### Description of the task
In the entries below, find the line with "Roll of parchment" and the line with "- Noticia: Hace". Return those two lines and all lines between them, exactly.

### Entries shown

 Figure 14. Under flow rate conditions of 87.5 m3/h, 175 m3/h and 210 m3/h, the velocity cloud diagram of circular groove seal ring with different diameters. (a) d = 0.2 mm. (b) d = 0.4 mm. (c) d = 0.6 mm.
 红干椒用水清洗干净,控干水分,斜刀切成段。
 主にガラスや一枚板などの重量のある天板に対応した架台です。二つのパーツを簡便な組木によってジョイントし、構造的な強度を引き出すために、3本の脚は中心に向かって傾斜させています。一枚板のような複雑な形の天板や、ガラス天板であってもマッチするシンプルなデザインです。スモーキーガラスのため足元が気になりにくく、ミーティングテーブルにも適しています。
...
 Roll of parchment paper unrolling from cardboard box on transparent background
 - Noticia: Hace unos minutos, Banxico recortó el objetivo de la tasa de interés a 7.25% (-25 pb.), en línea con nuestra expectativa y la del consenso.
---
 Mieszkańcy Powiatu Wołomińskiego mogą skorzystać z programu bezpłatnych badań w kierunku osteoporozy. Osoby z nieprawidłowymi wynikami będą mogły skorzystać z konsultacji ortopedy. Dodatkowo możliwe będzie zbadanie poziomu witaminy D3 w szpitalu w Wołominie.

### Final answer
 Roll of parchment paper unrolling from cardboard box on transparent background
 - Noticia: Hace unos minutos, Banxico recortó el objetivo de la tasa de interés a 7.25% (-25 pb.), en línea con nuestra expectativa y la del consenso.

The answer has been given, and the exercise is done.